Evaluation of Potency and Efficacy of Commercial Brands of Newcastle Disease Vaccines in Nigeria

Aims: To evaluate the potency and efficacy of four commercially available brands of Newcastle disease (ND) vaccines in southwest Nigeria.

Study Design: Cross sectional survey of commercial ND (Hitchner and LaSota) for in-vitro and in-vivo analysis.

Place and Duration of Study: Vaccines were obtained from manufacturers’ representatives in southwest Nigeria while chicks were obtained from commercial hatchery, reared at the Teaching and Research Farm and analysis was carried out at Department of Veterinary Microbiology in University of Ibadan.

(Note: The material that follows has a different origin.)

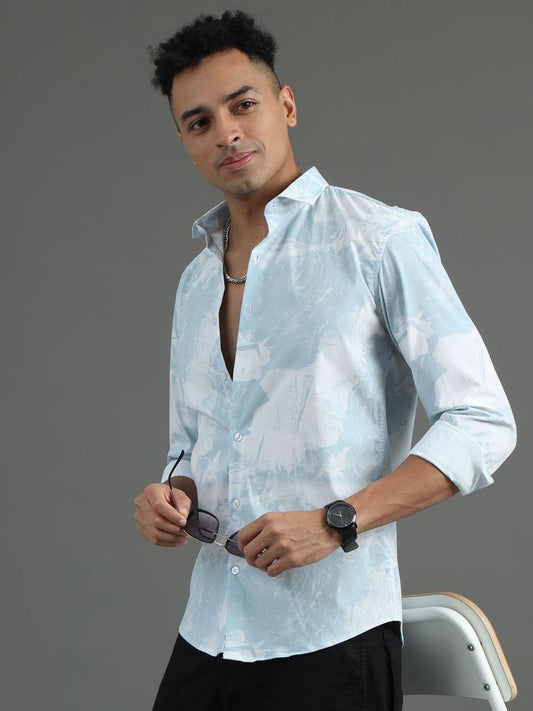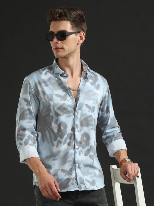-55% OFFGrey Splash Blue Full Sleeve Shirt

Methodology: Isa Brown cockerel chicks divided into five groups (A-E) comprising 60 birds each were used. Chicks in groups A-D were vaccinated primarily with four different brands (ND-Sevac®; ND-Jovac®, ND-Biovac® and ND-Fort Dodge®) of Hitchner B1 (HB1) vaccine at one-day-old (Day 1) and later with four corresponding brands of LaSota (booster) vaccine at day 21. Chicks in the fifth group which served as control received no vaccine and were used to assess the rate of maternal antibody decay. Sera were collected on days 1, 9, 16, 32, and 39 of age and the chickens were challenged with Kudu strain of ND virus (NDV) on day 33. Haemagglutination (HA) and haemagglutination inhibition (HI) tests were used to determine NDV titre and antibody levels in the vaccines and sera respectively.

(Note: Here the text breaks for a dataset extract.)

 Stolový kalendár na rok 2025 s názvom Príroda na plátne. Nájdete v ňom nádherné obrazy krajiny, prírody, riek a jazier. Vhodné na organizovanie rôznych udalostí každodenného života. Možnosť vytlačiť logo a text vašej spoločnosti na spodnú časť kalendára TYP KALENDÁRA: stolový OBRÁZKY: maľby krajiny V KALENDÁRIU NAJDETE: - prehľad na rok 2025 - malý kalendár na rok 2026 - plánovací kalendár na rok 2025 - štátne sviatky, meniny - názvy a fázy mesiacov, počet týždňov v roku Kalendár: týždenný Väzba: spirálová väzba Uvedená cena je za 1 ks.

Results: NDV maternal antibody level was highest (64±18.2) on day 1 and persisted to a minimum protective level (8±5.7) on day 16 before decaying to non-protective levels by day 32. All the four vaccine brands were potent with Biovac® (Vaccine C) yielding the highest NDV titres [HB1 (1536±724.1), LaSota (512±0.0)]. Also, following the administration of primary and booster (secondary) vaccinations, all the vaccines elicited protective immunity with the booster doses producing higher immune response in all the groups. However, chicks that received ND-Jovac® and ND-Biovac® were best able to overcome the effects of experimental challenge as they gave the lowest mortality rate of 33.3% with mean NDV antibody titres of 9 log2 (512±313.5) recorded seven days post-challenge. Chicks that received Sevac® and Fort Dodge®(Vaccines A and D) gave mortality rates of 55.0% and 50.0%, respectively with mean antibody titres of 7 log2 (154±57.3) post-challenge.

Conclusion: All the tested vaccines were potent and elicited protective antibody. However, ND outbreaks in vaccinated flocks in southwest Nigeria may not necessary be due to lack of potency of the vaccines but other factors such as virus strain (s) used in the production of the vaccines, vaccine storage and handling and biosecurity among others may play a role. Therefore, there is a need for routine isolation and characterization of the enzootic strain(s) of NDV in Nigeria and production of ND vaccines with such circulating strain(s) to offer optimal protection against the disease.